__DATA SHOWN__
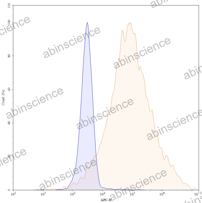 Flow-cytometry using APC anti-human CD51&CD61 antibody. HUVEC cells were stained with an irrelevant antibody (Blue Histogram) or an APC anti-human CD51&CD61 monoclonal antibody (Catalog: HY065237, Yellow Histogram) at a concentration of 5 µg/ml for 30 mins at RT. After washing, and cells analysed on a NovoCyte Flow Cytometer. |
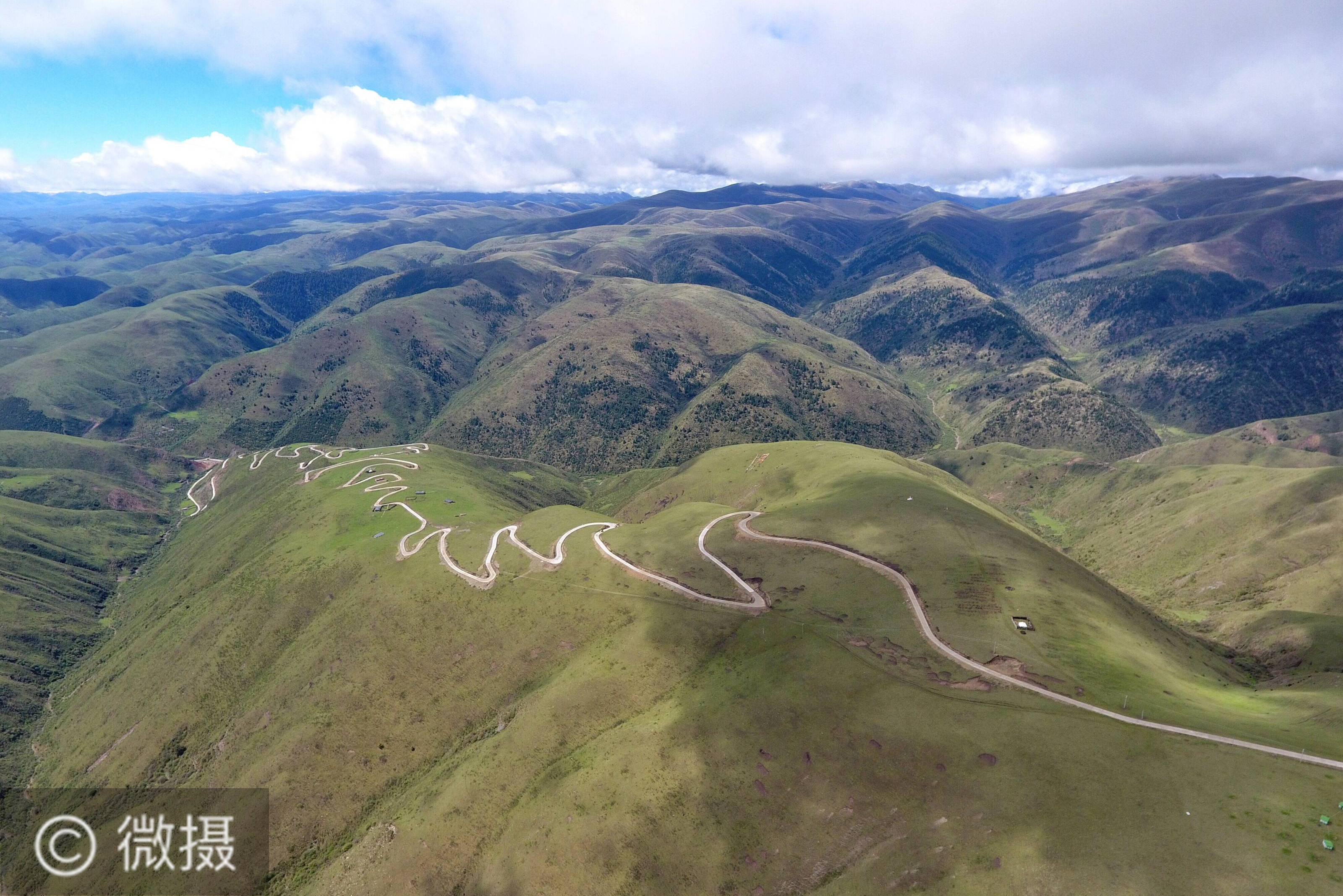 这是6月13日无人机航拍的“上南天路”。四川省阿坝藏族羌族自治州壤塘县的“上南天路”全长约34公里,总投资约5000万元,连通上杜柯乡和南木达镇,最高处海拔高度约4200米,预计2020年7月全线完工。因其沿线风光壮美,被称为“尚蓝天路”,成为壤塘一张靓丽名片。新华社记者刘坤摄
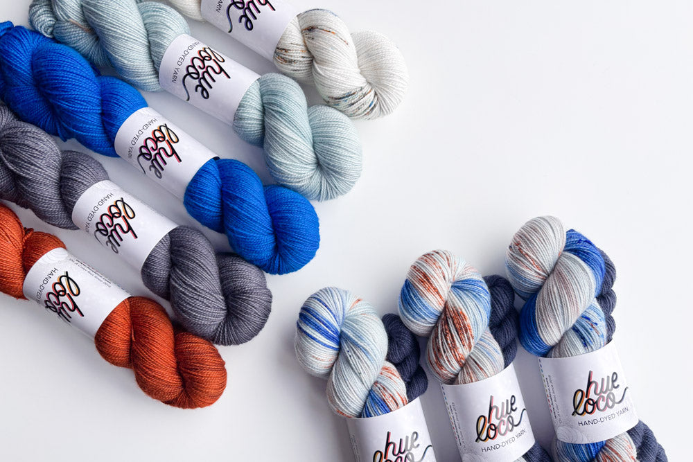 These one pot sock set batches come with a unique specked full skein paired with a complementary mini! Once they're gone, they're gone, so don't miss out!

==

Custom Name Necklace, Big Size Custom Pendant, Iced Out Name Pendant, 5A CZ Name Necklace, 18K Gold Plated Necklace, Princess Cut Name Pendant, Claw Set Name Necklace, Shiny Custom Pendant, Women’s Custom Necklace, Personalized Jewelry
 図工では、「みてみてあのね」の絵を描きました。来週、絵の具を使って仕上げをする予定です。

__WHAT YOU HAVE TO DO__
Given the records above, return exactly the lines starting at the line containing "Custom Name Necklace, Big" and ending at the line containing "図工では、「みてみてあのね」", including both.

__TASK RESULT__
Custom Name Necklace, Big Size Custom Pendant, Iced Out Name Pendant, 5A CZ Name Necklace, 18K Gold Plated Necklace, Princess Cut Name Pendant, Claw Set Name Necklace, Shiny Custom Pendant, Women’s Custom Necklace, Personalized Jewelry
 図工では、「みてみてあのね」の絵を描きました。来週、絵の具を使って仕上げをする予定です。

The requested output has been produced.